So this is starting to look ugly! You ‘ll remember parts of this from the first lesson where we introduced the idea of vectors. And that to ‘R’ everything is a vector. To work with ‘bits’ of data, we therefore need to specify the ‘address’ of the data.

We want to summarise the Gender of the patients who are Aged >= 65, we type `summary(RCT[RCT\$Age >= 65,]\$Gender)`. Let’s break this down. I’ll focus on one bit at a time, and use `...` to indicate the missing pieces.

• `summary( ... )`

You should have met the summary function already. OK so far?

If we wanted to summarise heart rate for the whole data frame we’d write `summary(RCT\$gender)`.
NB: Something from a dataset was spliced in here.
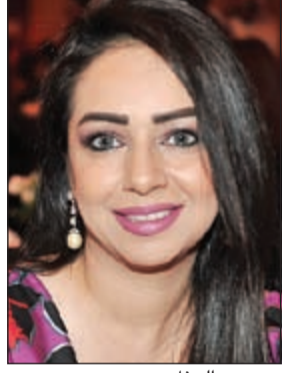
وجه من الحفل

But we don’t. So instead we want to pick just those patients whose Age is more or equal to 65

• ` ... age >= 65 ...`

Can you see this in the middle of the line of code? We are writing a comparison test that says is `age` greater of equal to `65`. We use `==` not `=` when comparing otherwise R thinks you are telling it that age is 3.

So we want to run this comparison on the data frame `RCT`.

• `... RCT[RCT\$age >= 65,] ...`

This is called subsetting. We take `RCT` and ask for some portion of it. Because `RCT` is a data frame (square table) then it has rows and columns. We choose rows and columns by specifyin `[row,column]`. So …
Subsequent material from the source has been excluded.